● **WHAT NEEDS TO BE DONE**:
Copy the data that appears below exactly. Drop the pictures.

● **DATA PROVIDED**:

>>>

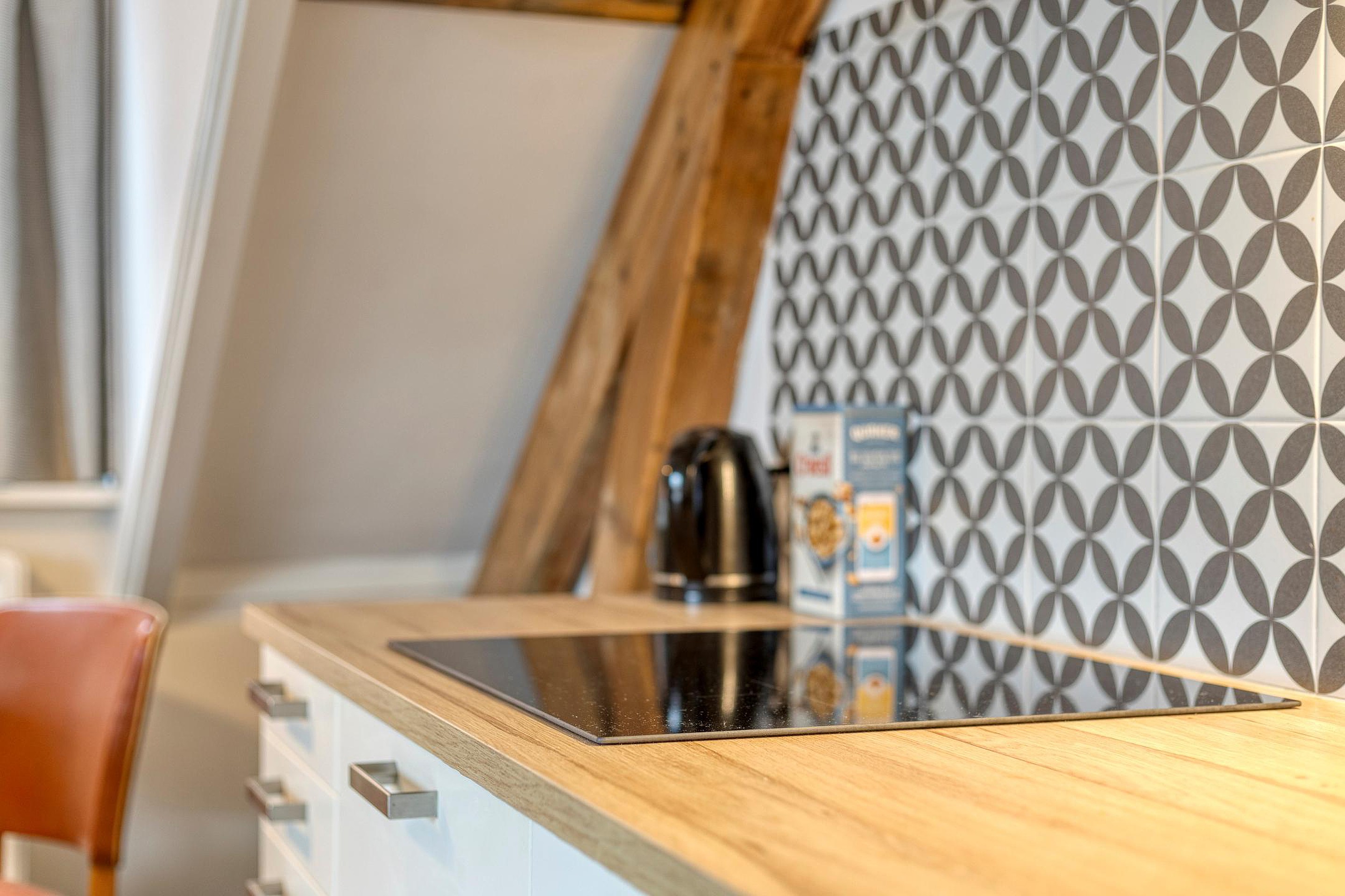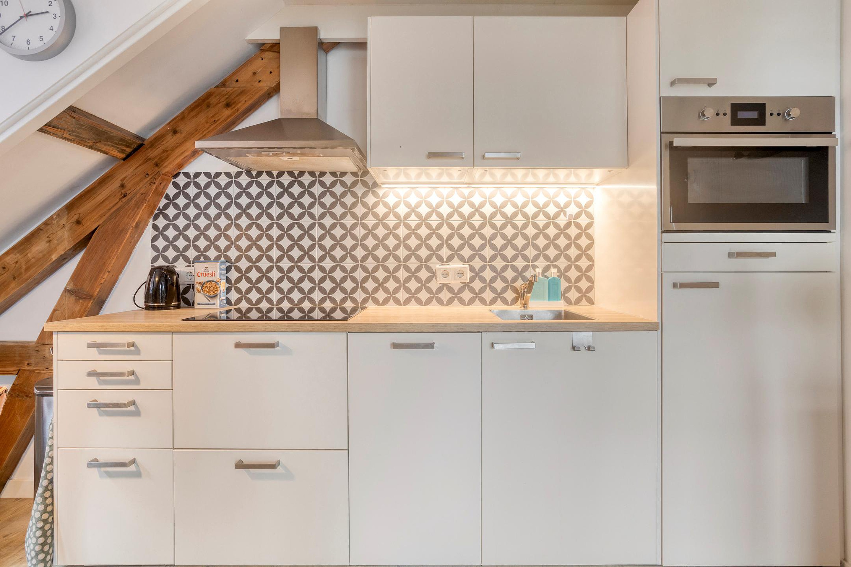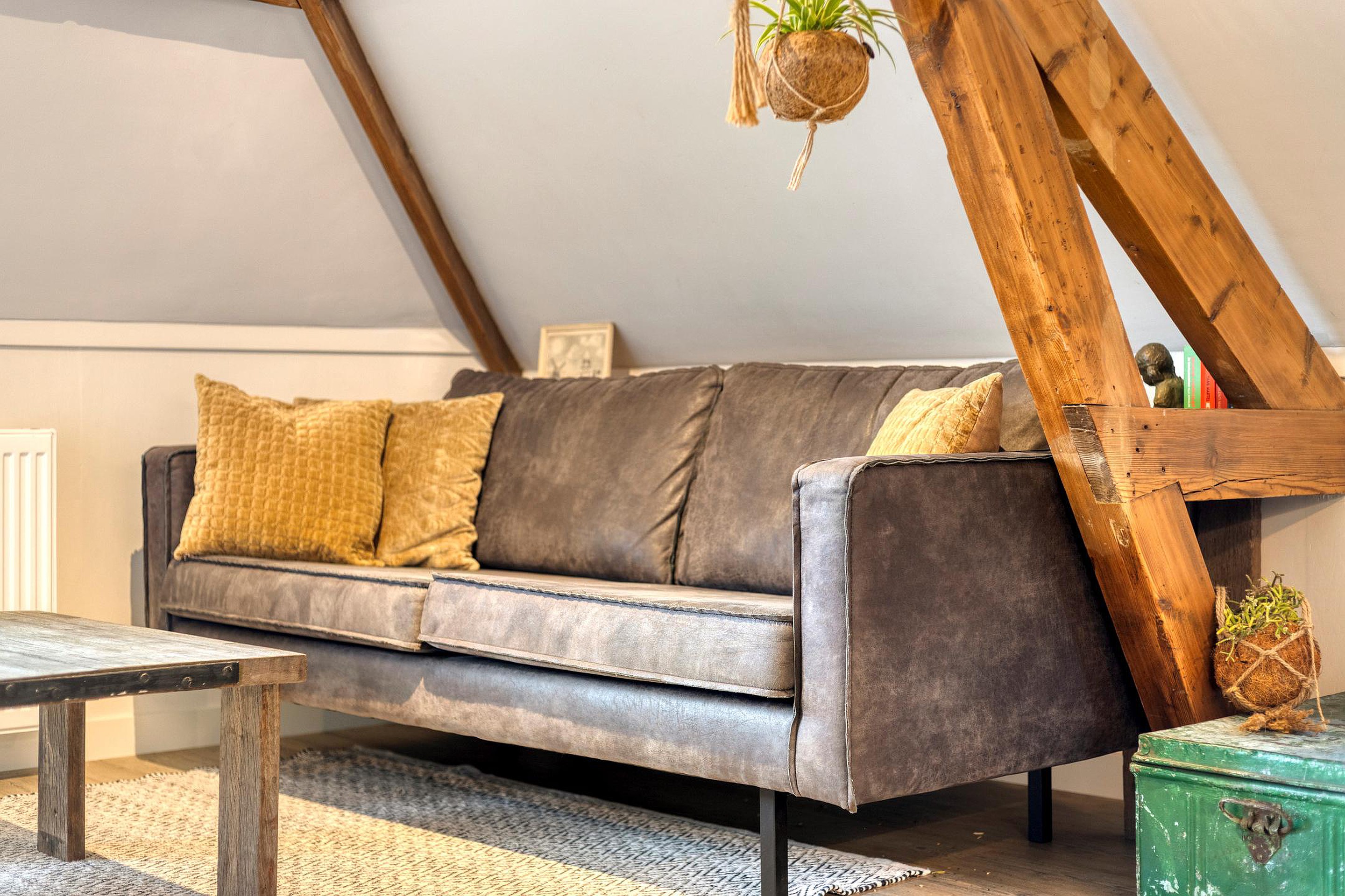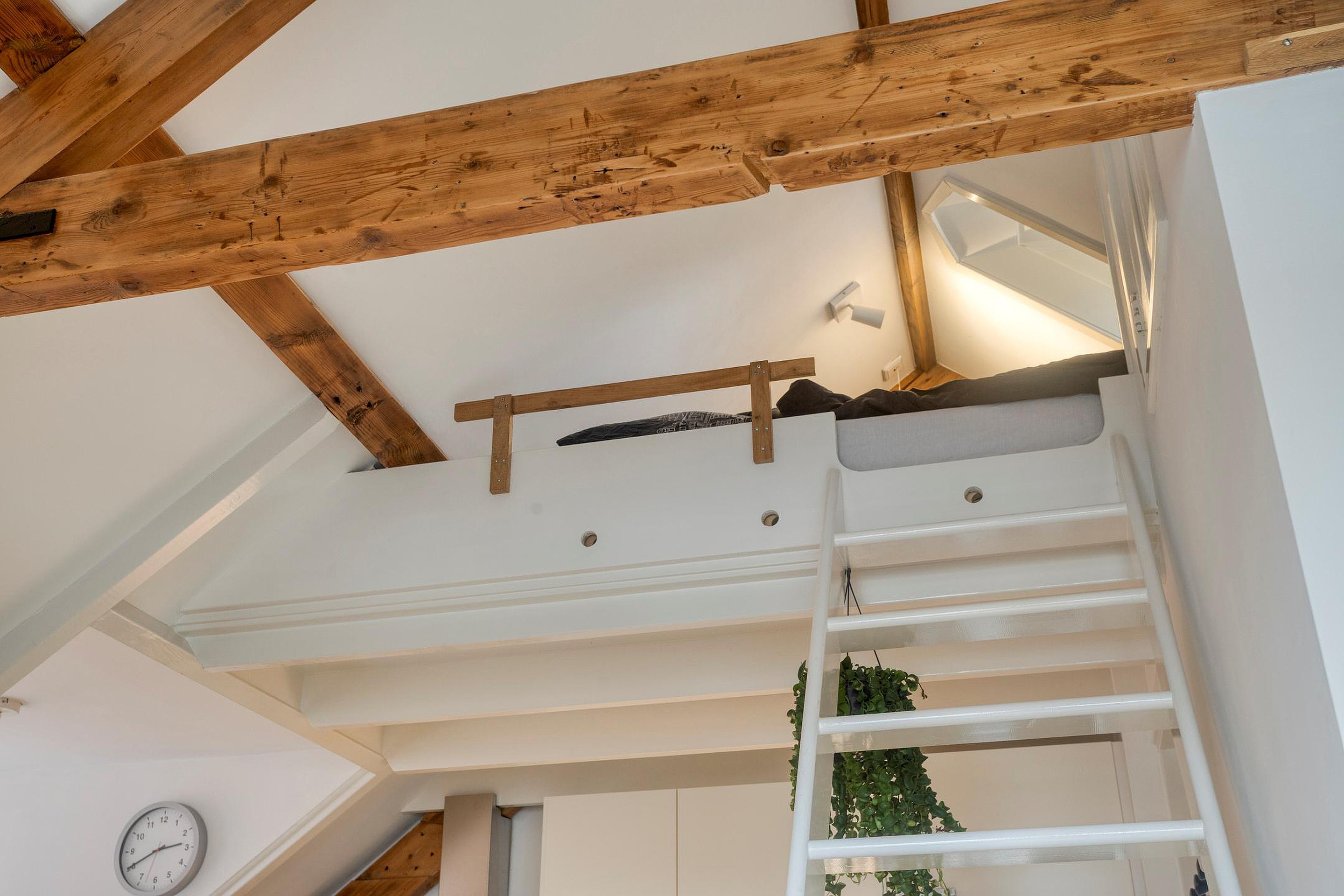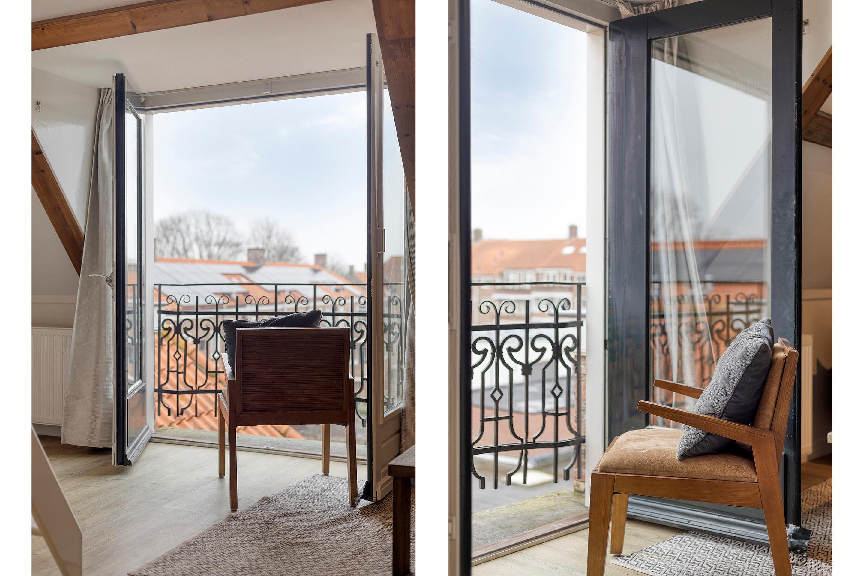 Woonkamer met complete keuken en een fijne lichtinval, ook door het zijraam. Er zijn enkele inbouwkasten gemaakt, erg praktisch. De trap brengt je op de slaapzolder, onder de kap, wat een sfeer. En als bonus: met de deuren van het frans balkonnetje open, zit je hier heerlijk in de ochtend en middagzon met een leuk stadszicht….hier zit je als een ‘prins of prinses’!
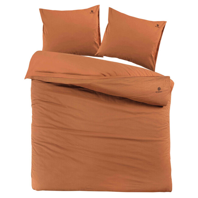 BLCKOUT dekbedovertrek Alberta is een effen dessin in de kleur roestbruin met een ingeweven reliëf, wat de stof een grovere touche geeft. De stoere, dubbele jeansnaden die gebruikt zijn voor zowel het overtrek als de kussenslopen versterken dit nog eens. Het BLCKOUT logo wordt zowel op het percal katoen dekbedovertrek als de slopen in de bovenhoek getoond.
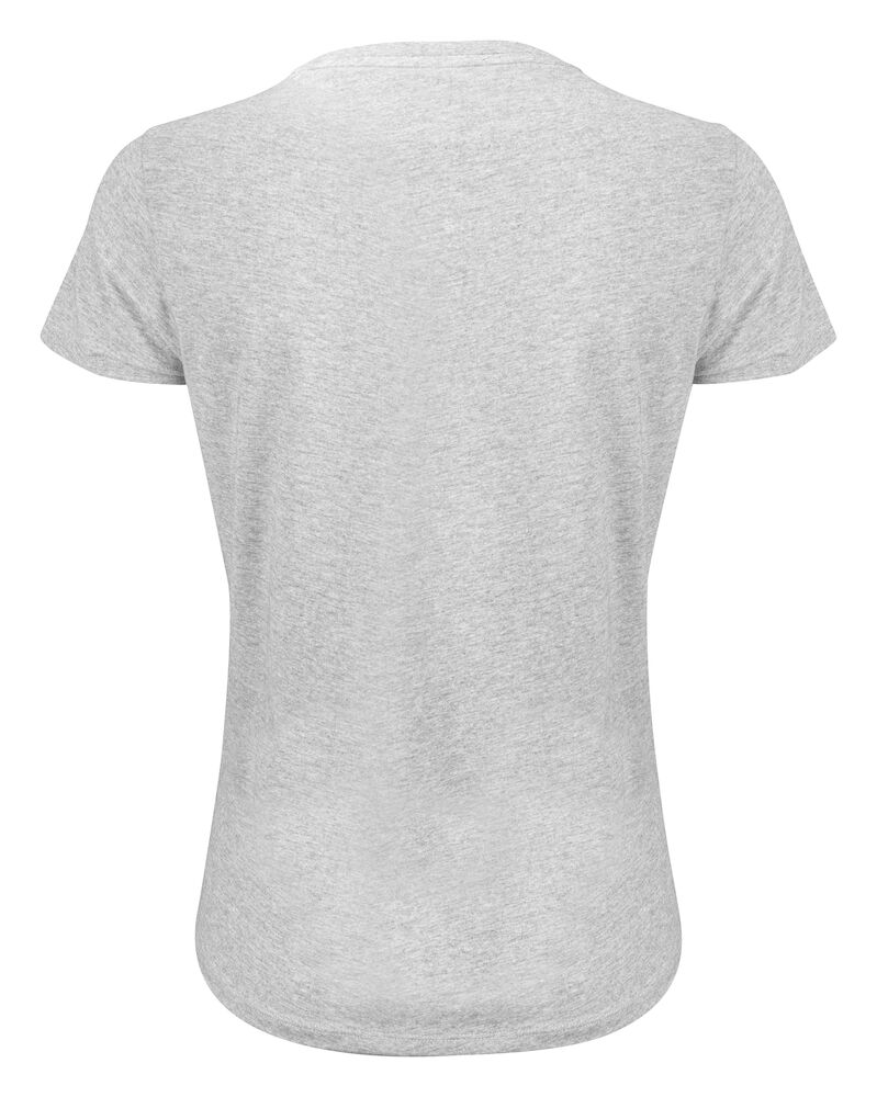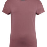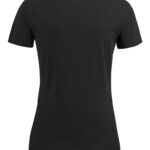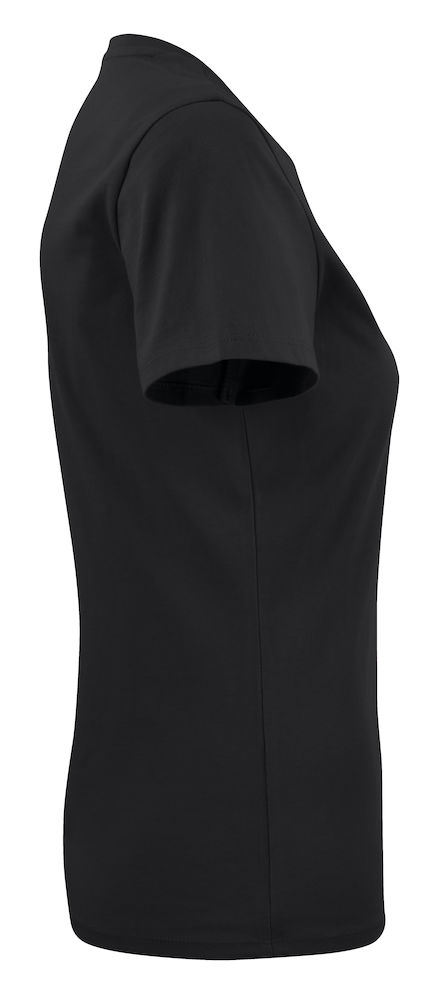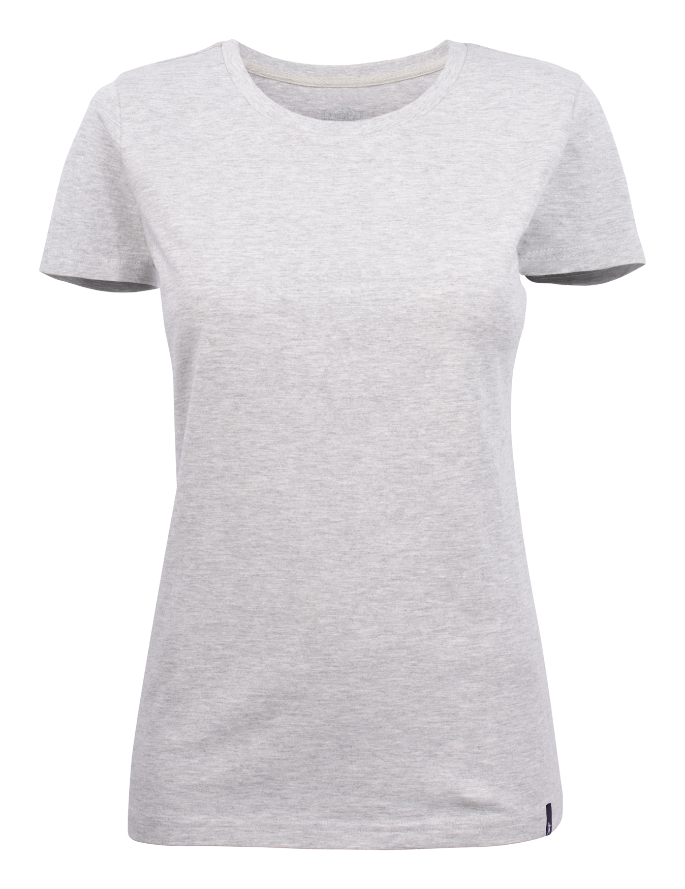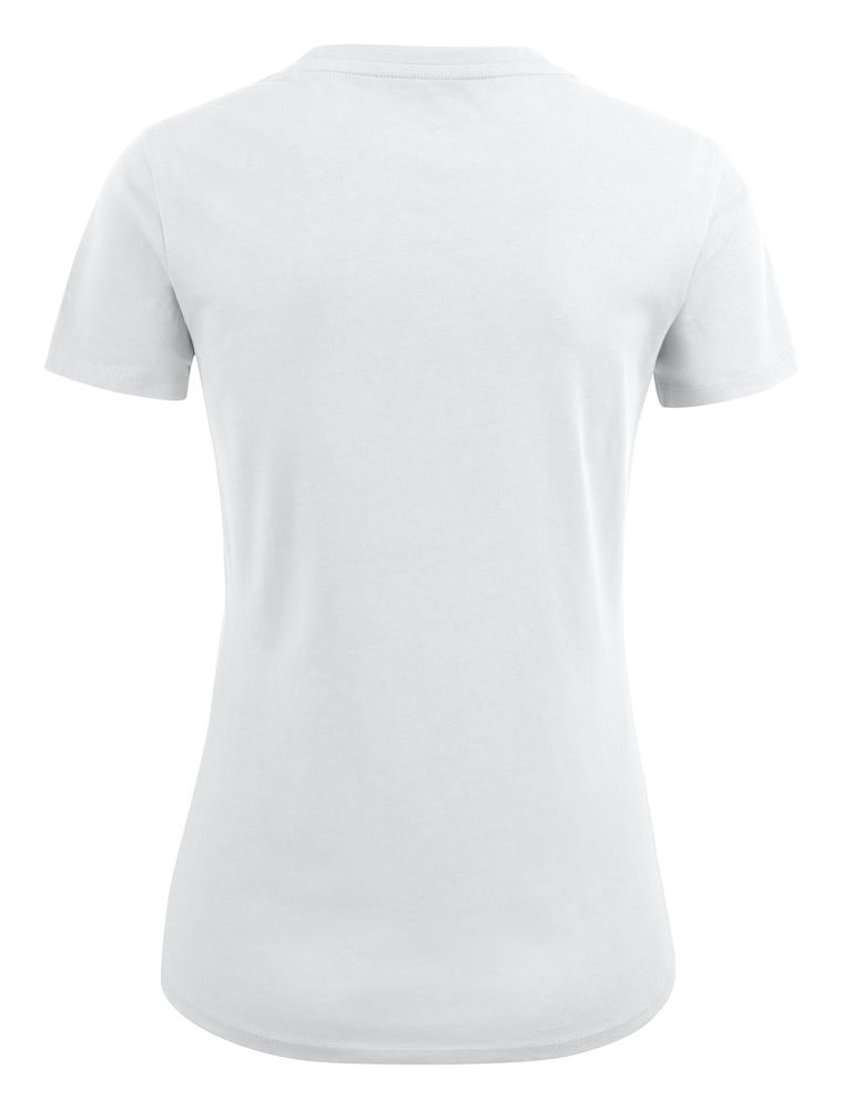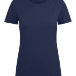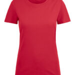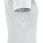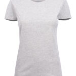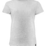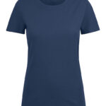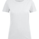 Koszulka z okrągłym dekoltem dla kobiet. 2-warstwowe wykończenie przy dekolcie (gwarantuje utrzymanie kształtu koszulki nawet po wielokrotnym praniu). Dodatkowe przeszycia na ramionach. Certyfikacja Oeko-tex.
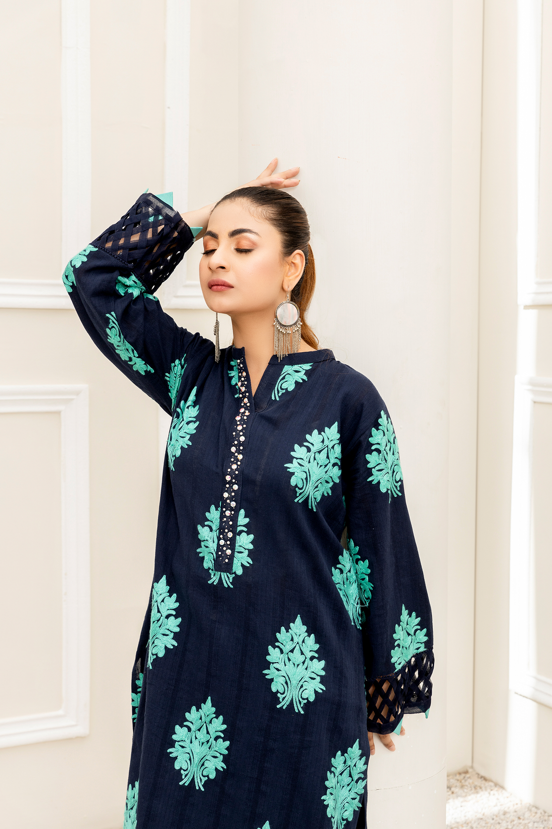 Embroidered Shirt Front of HandKhaddi Pure Cotton Bindi with Embroidery Boarder.Plain Shirt Back of HandKhaddi...

<<<

● **REPLY TO THE EXERCISE**:
 Woonkamer met complete keuken en een fijne lichtinval, ook door het zijraam. Er zijn enkele inbouwkasten gemaakt, erg praktisch. De trap brengt je op de slaapzolder, onder de kap, wat een sfeer. En als bonus: met de deuren van het frans balkonnetje open, zit je hier heerlijk in de ochtend en middagzon met een leuk stadszicht….hier zit je als een ‘prins of prinses’!
 BLCKOUT dekbedovertrek Alberta is een effen dessin in de kleur roestbruin met een ingeweven reliëf, wat de stof een grovere touche geeft. De stoere, dubbele jeansnaden die gebruikt zijn voor zowel het overtrek als de kussenslopen versterken dit nog eens. Het BLCKOUT logo wordt zowel op het percal katoen dekbedovertrek als de slopen in de bovenhoek getoond.
 Koszulka z okrągłym dekoltem dla kobiet. 2-warstwowe wykończenie przy dekolcie (gwarantuje utrzymanie kształtu koszulki nawet po wielokrotnym praniu). Dodatkowe przeszycia na ramionach. Certyfikacja Oeko-tex.
 Embroidered Shirt Front of HandKhaddi Pure Cotton Bindi with Embroidery Boarder.Plain Shirt Back of HandKhaddi...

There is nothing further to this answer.